● INFORMATION SHOWN
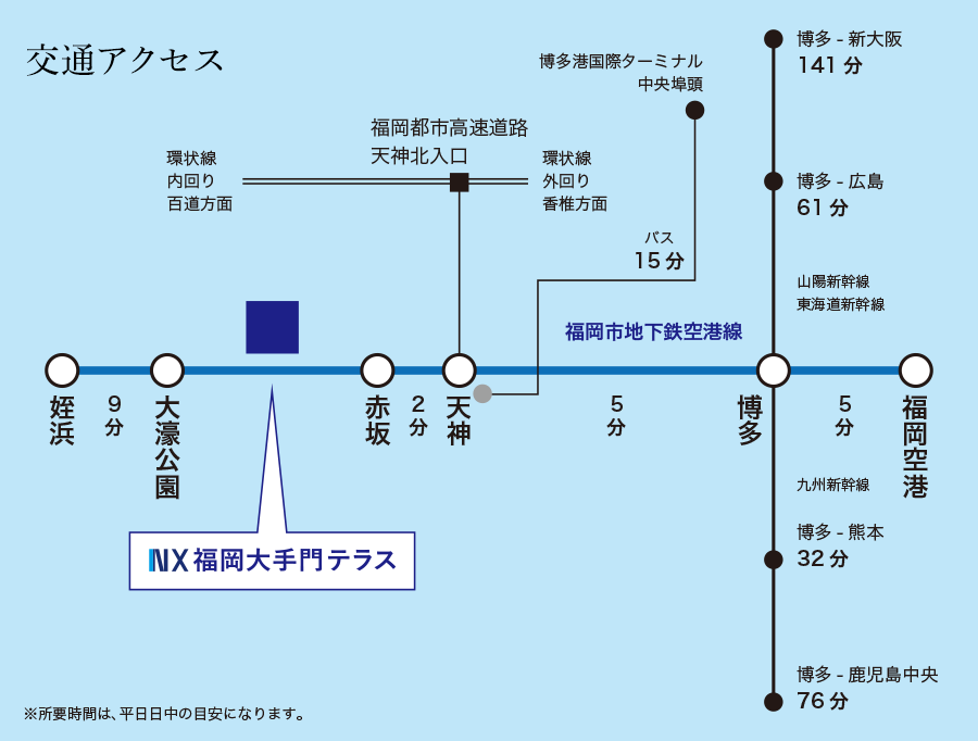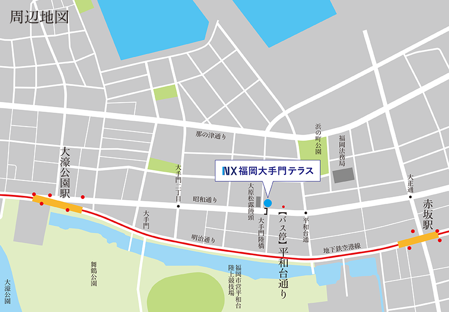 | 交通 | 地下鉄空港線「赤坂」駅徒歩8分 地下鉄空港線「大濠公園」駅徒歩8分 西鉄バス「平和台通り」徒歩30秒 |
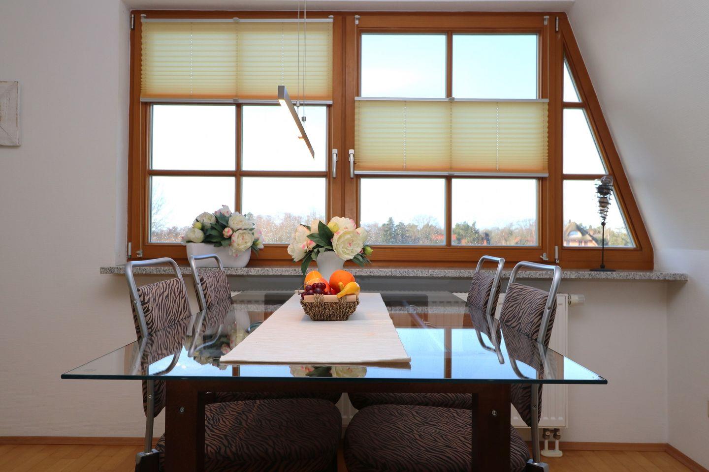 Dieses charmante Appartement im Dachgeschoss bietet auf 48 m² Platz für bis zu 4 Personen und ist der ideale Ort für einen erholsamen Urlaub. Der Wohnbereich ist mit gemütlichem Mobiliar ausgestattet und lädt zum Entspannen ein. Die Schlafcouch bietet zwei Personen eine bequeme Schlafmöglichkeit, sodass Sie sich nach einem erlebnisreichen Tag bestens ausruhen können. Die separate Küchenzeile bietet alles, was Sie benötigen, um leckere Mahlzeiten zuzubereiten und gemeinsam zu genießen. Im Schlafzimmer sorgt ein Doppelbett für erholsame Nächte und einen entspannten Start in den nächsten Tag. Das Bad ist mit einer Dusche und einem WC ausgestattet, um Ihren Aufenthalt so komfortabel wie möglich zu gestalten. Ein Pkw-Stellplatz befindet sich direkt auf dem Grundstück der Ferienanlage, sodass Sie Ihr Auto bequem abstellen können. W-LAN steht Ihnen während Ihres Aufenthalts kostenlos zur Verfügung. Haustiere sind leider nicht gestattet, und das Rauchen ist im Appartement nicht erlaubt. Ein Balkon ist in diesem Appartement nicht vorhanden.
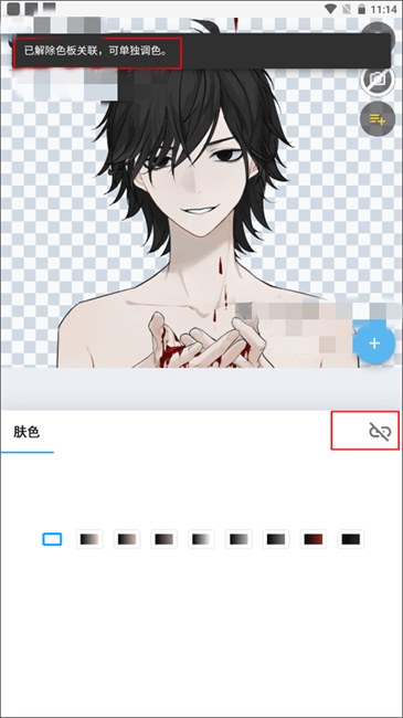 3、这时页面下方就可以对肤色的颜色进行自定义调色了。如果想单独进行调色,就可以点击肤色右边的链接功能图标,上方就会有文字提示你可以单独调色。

● WORK TO COMPLETE
Recopy the whole listing above precisely, excluding images.

● EXERCISE RESPONSE
 | 交通 | 地下鉄空港線「赤坂」駅徒歩8分 地下鉄空港線「大濠公園」駅徒歩8分 西鉄バス「平和台通り」徒歩30秒 |
 Dieses charmante Appartement im Dachgeschoss bietet auf 48 m² Platz für bis zu 4 Personen und ist der ideale Ort für einen erholsamen Urlaub. Der Wohnbereich ist mit gemütlichem Mobiliar ausgestattet und lädt zum Entspannen ein. Die Schlafcouch bietet zwei Personen eine bequeme Schlafmöglichkeit, sodass Sie sich nach einem erlebnisreichen Tag bestens ausruhen können. Die separate Küchenzeile bietet alles, was Sie benötigen, um leckere Mahlzeiten zuzubereiten und gemeinsam zu genießen. Im Schlafzimmer sorgt ein Doppelbett für erholsame Nächte und einen entspannten Start in den nächsten Tag. Das Bad ist mit einer Dusche und einem WC ausgestattet, um Ihren Aufenthalt so komfortabel wie möglich zu gestalten. Ein Pkw-Stellplatz befindet sich direkt auf dem Grundstück der Ferienanlage, sodass Sie Ihr Auto bequem abstellen können. W-LAN steht Ihnen während Ihres Aufenthalts kostenlos zur Verfügung. Haustiere sind leider nicht gestattet, und das Rauchen ist im Appartement nicht erlaubt. Ein Balkon ist in diesem Appartement nicht vorhanden.
 3、这时页面下方就可以对肤色的颜色进行自定义调色了。如果想单独进行调色,就可以点击肤色右边的链接功能图标,上方就会有文字提示你可以单独调色。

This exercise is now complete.